**Data shown**.
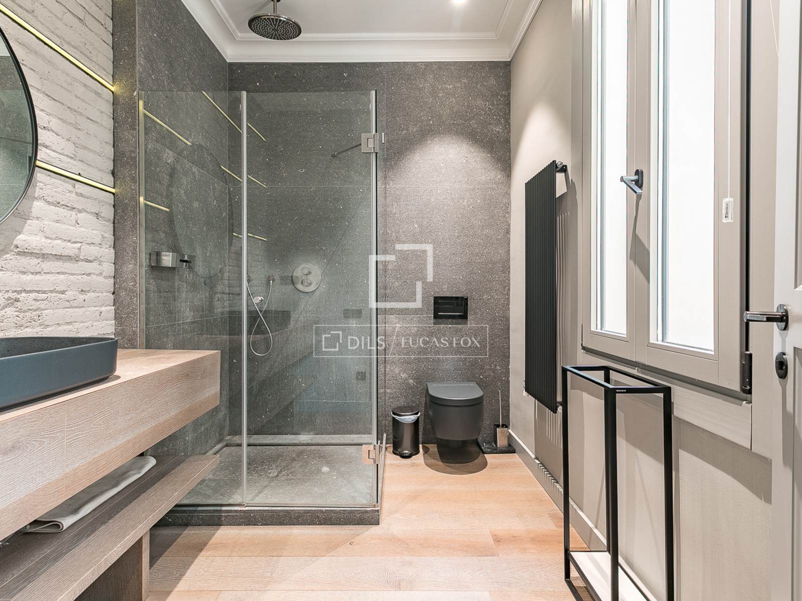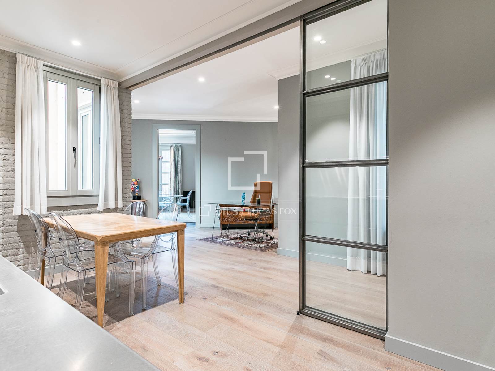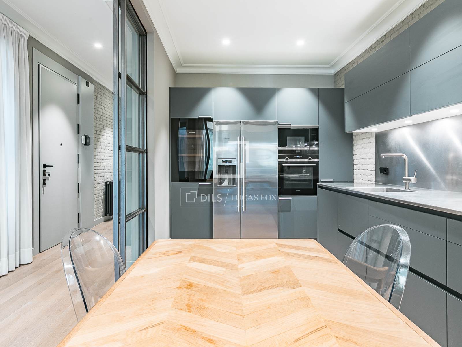 La cuina contemporània, totalment equipada, presenta electrodomèstics d'alta gamma i un disseny elegant, que equilibra perfectament funcionalitat i estil. A tota la residència, els elements arquitectònics clàssics de Barcelona, com ara sostres alts i acabats refinats, es combinen harmoniosament amb l'elegància moderna i els detalls fets a mida.
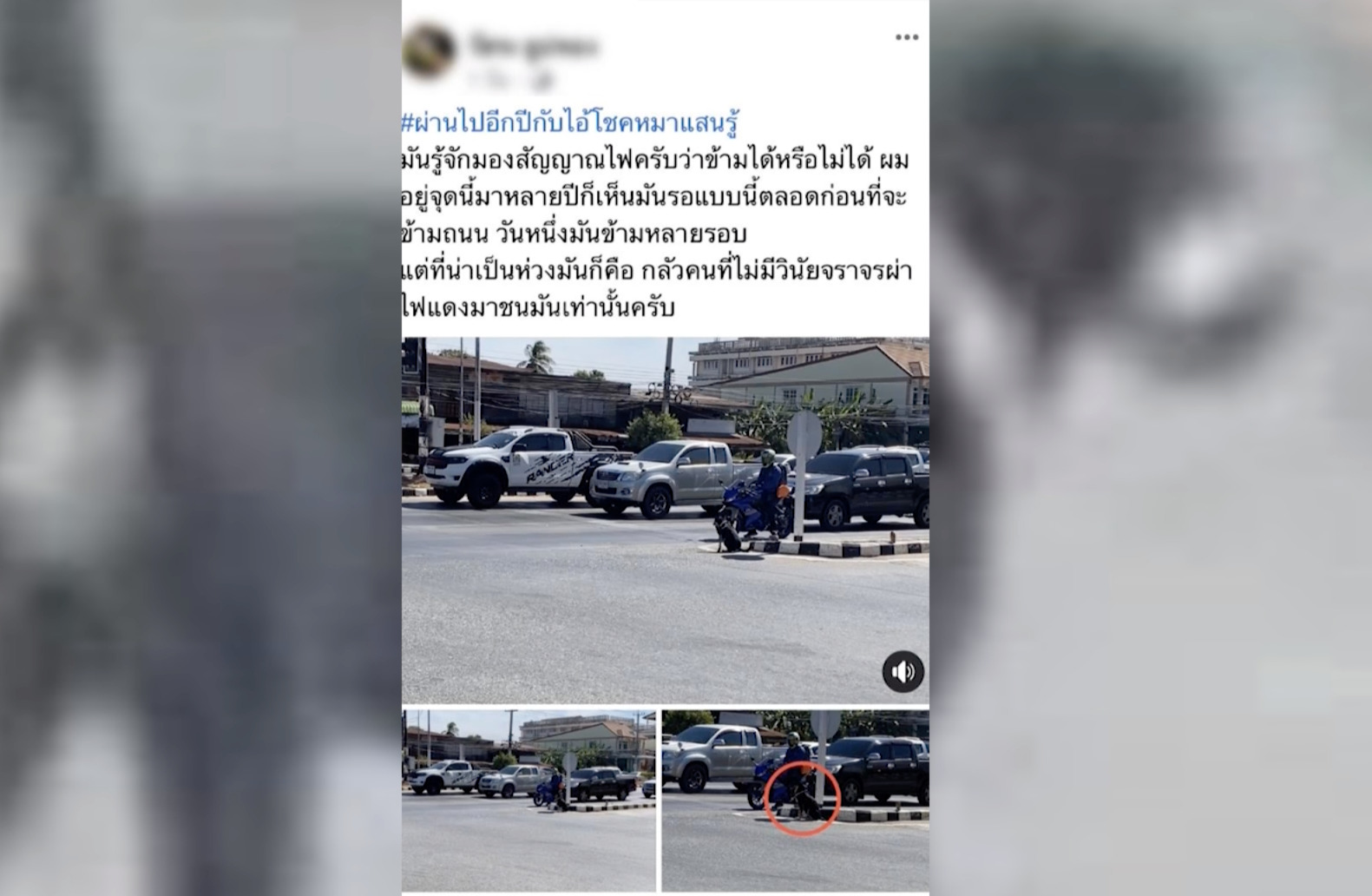 ผู้ใช้เฟสบุ๊กรายหนึ่งโพสต์คลิปวิดีโอสุนัขสีดำชื่อ “เจ้าโชค” ที่กำลังนั่งรอสัญญาณไฟเขียว เพื่อเดินข้ามถนนไปอีกฝั่ง ที่บริเวณ 4 แยกไฟแดง ที่ อ.บึงสามพัน จ.เพชรบูรณ์ พร้อมระบุข้อความว่า “#ผ่านไปอีกปี กับไอ้โชคหมาแสนรู้ มันรู้จักมองสัญญาณไฟครับ ว่าข้ามได้หรือไม่ได้ ผมอยู่จุดนี้มาหลายปี ก็เห็นมันรอแบบนี้ตลอด ก่อนที่จะข้ามถนน วันหนึ่งมันข้ามหลายรอบ แต่ที่น่าเป็นห่วงมันก็คือ กลัวคนที่ไม่มีวินัยจราจร ผ่าไฟแดงมาชนมันเท่านั้นครับ”
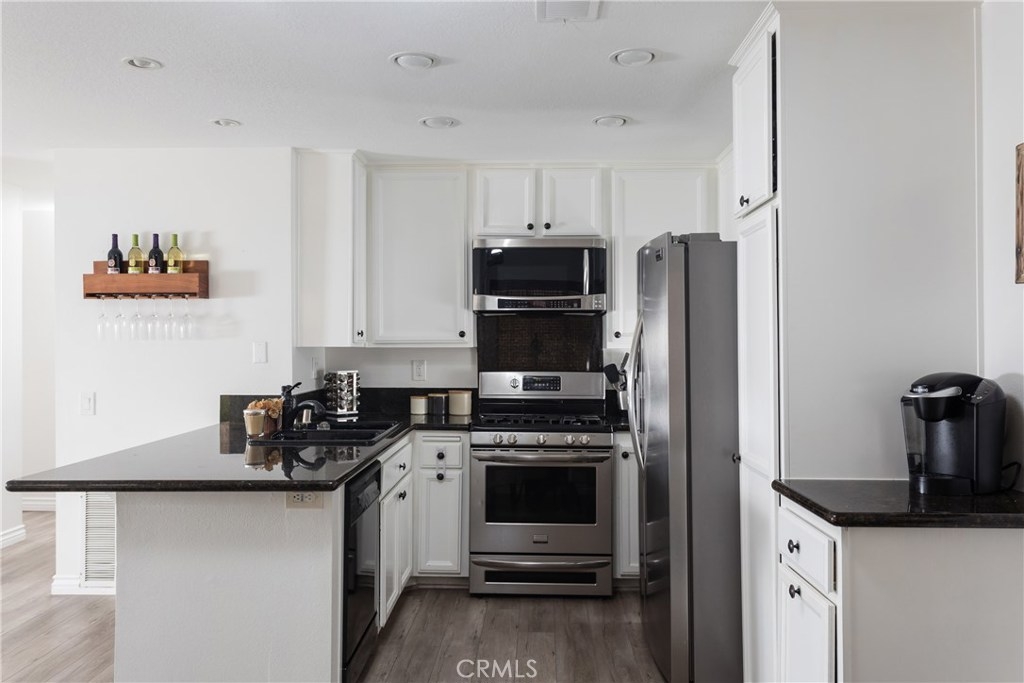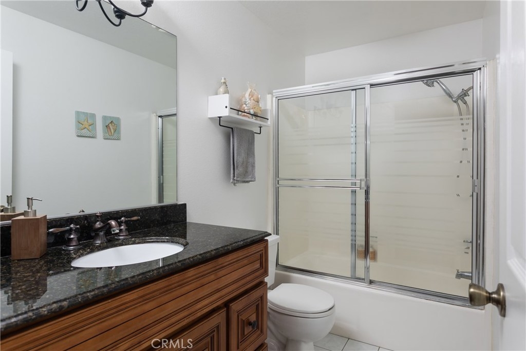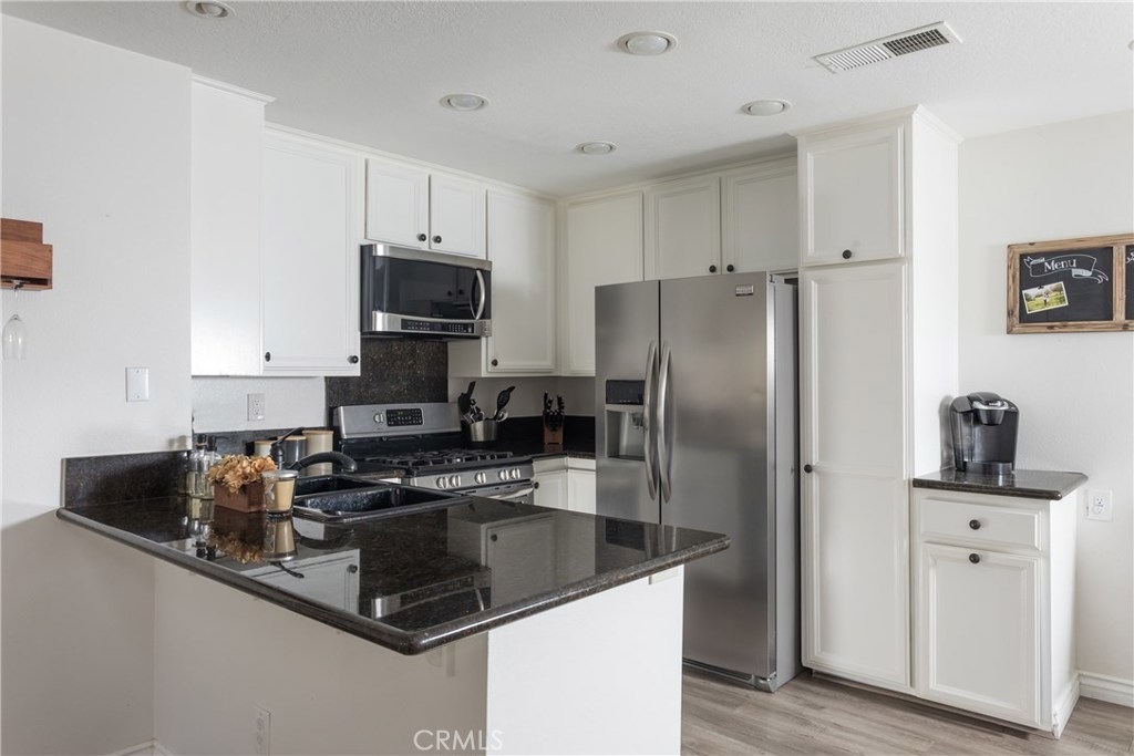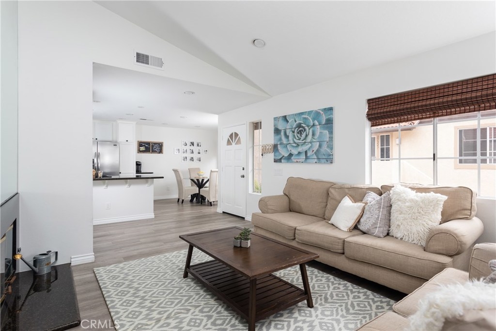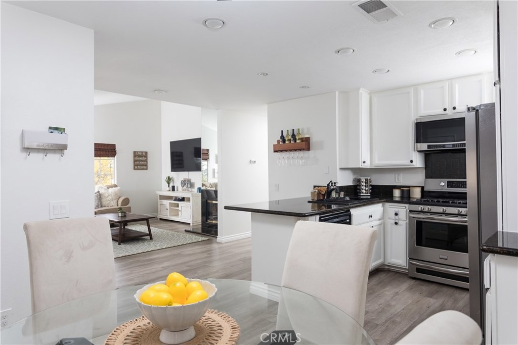 Magnificent corner unit with the most stunning views in the complex! Enter through the front door and notice the vaulted ceilings as you embrace the attractive living room. Relax in front of the fireplace that is highlighted with black granite and relish the serene views through the large windows off the living room. Make your way to the updated kitchen that also bolsters a sleek black granite counter top finish. Supplementing this updated kitchen is the charming breakfast nook that adds to this functional open floorplan. Through the corridor you find the stacked washer and dryer tucked away behind a closet. To your left is the second bedroom. The large window yields a light and airy feel while the room is elegantly finished with recessed lighting. The tastefully upgraded guest bathroom is just right outside this bedroom. At the end of the corridor you step into the master bedroom, boasting large, dual-mirrored closet doors. Next step into the updated appointed en-suite master bathroom. Adding additional charm to this master bedroom is your private balcony, which offers dual closet space for storage. Association amenities within the complex are the in-ground spa, kids play area, and paid water and trash services. No mello-roos and low property taxes top off this comfortable living space. Welcome home to your new private haven!
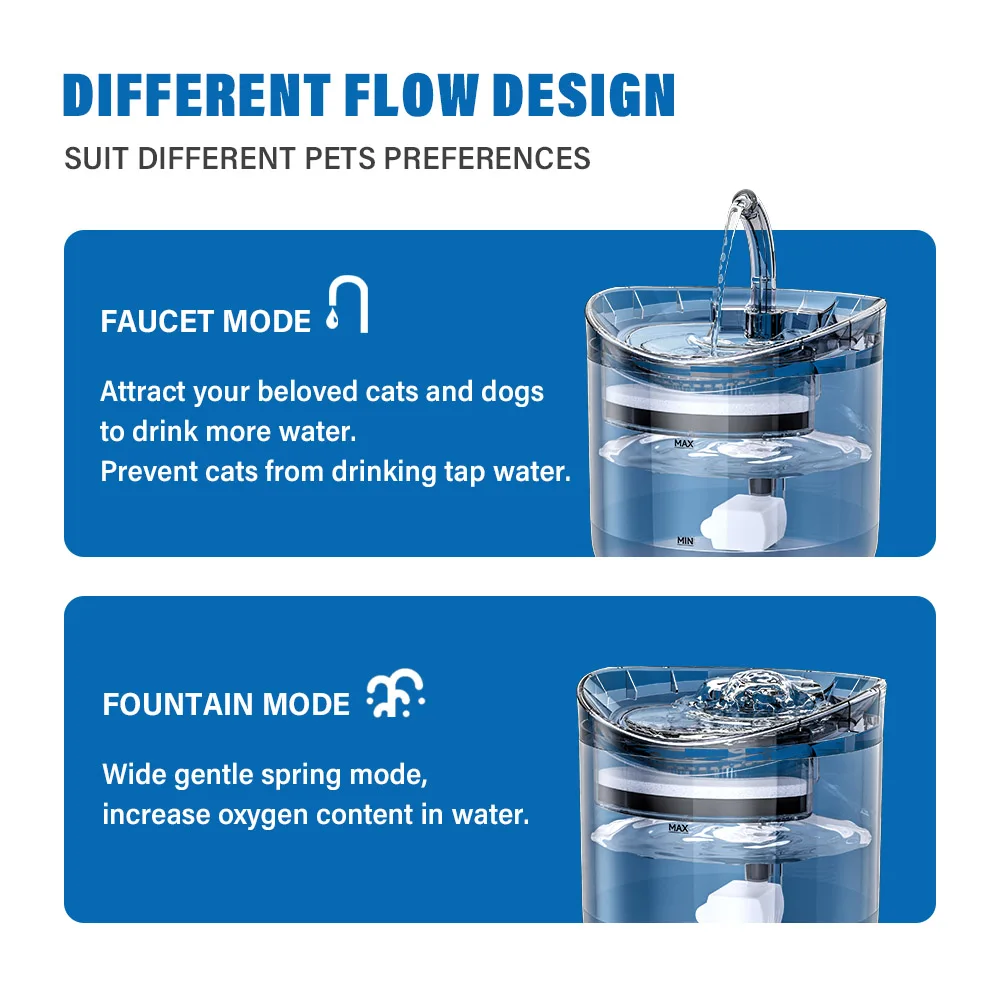Режим фонтана-Широкий деликатный пружинный режим, повышает содержание кислорода в воде.Режим крана-Струйка, похожая на кран, привлекает ваших любимых кошек и собак, чтобы пить больше воды. Предотвращает попадание котов в питьевую воду.
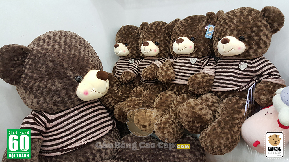 Gấu bông Teddy áo len Choco được thiết kế với 5 kích thước Gấu Bông lớn nhỏ khác nhau: 80cm, 1m, 1m2, 1m6, 2m
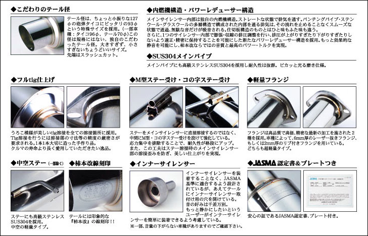 インナーサイレンサーによる消音の場合、排圧がかかりすぎて(確かに中低速は扱いやすくなるという面もあるが)本来持っている高回転域での性能を完全に出し切る事が出来ないというデメリットがある。逆にインナーサイレンサーをはずした状態になると音量は大きくなり、中低速が扱いにくくなってしまう。今回のセッティングにおいて更に、パワーレデューサー&内燃機構造、中間タイコの形状や有無は、スポーツカー用の設定をそのまま流用するのでなく、クルマ自体のコンセプトの違うこのカテゴリー用に各車種において何度もテストを行い性能を追求し、専用モデルとして開発した。

**Assignment**. Give the entries above again word for word, without the pictures.

**Expected output**.
 La cuina contemporània, totalment equipada, presenta electrodomèstics d'alta gamma i un disseny elegant, que equilibra perfectament funcionalitat i estil. A tota la residència, els elements arquitectònics clàssics de Barcelona, com ara sostres alts i acabats refinats, es combinen harmoniosament amb l'elegància moderna i els detalls fets a mida.
 ผู้ใช้เฟสบุ๊กรายหนึ่งโพสต์คลิปวิดีโอสุนัขสีดำชื่อ “เจ้าโชค” ที่กำลังนั่งรอสัญญาณไฟเขียว เพื่อเดินข้ามถนนไปอีกฝั่ง ที่บริเวณ 4 แยกไฟแดง ที่ อ.บึงสามพัน จ.เพชรบูรณ์ พร้อมระบุข้อความว่า “#ผ่านไปอีกปี กับไอ้โชคหมาแสนรู้ มันรู้จักมองสัญญาณไฟครับ ว่าข้ามได้หรือไม่ได้ ผมอยู่จุดนี้มาหลายปี ก็เห็นมันรอแบบนี้ตลอด ก่อนที่จะข้ามถนน วันหนึ่งมันข้ามหลายรอบ แต่ที่น่าเป็นห่วงมันก็คือ กลัวคนที่ไม่มีวินัยจราจร ผ่าไฟแดงมาชนมันเท่านั้นครับ”
 Magnificent corner unit with the most stunning views in the complex! Enter through the front door and notice the vaulted ceilings as you embrace the attractive living room. Relax in front of the fireplace that is highlighted with black granite and relish the serene views through the large windows off the living room. Make your way to the updated kitchen that also bolsters a sleek black granite counter top finish. Supplementing this updated kitchen is the charming breakfast nook that adds to this functional open floorplan. Through the corridor you find the stacked washer and dryer tucked away behind a closet. To your left is the second bedroom. The large window yields a light and airy feel while the room is elegantly finished with recessed lighting. The tastefully upgraded guest bathroom is just right outside this bedroom. At the end of the corridor you step into the master bedroom, boasting large, dual-mirrored closet doors. Next step into the updated appointed en-suite master bathroom. Adding additional charm to this master bedroom is your private balcony, which offers dual closet space for storage. Association amenities within the complex are the in-ground spa, kids play area, and paid water and trash services. No mello-roos and low property taxes top off this comfortable living space. Welcome home to your new private haven!
Режим фонтана-Широкий деликатный пружинный режим, повышает содержание кислорода в воде.Режим крана-Струйка, похожая на кран, привлекает ваших любимых кошек и собак, чтобы пить больше воды. Предотвращает попадание котов в питьевую воду.
 Gấu bông Teddy áo len Choco được thiết kế với 5 kích thước Gấu Bông lớn nhỏ khác nhau: 80cm, 1m, 1m2, 1m6, 2m
 インナーサイレンサーによる消音の場合、排圧がかかりすぎて(確かに中低速は扱いやすくなるという面もあるが)本来持っている高回転域での性能を完全に出し切る事が出来ないというデメリットがある。逆にインナーサイレンサーをはずした状態になると音量は大きくなり、中低速が扱いにくくなってしまう。今回のセッティングにおいて更に、パワーレデューサー&内燃機構造、中間タイコの形状や有無は、スポーツカー用の設定をそのまま流用するのでなく、クルマ自体のコンセプトの違うこのカテゴリー用に各車種において何度もテストを行い性能を追求し、専用モデルとして開発した。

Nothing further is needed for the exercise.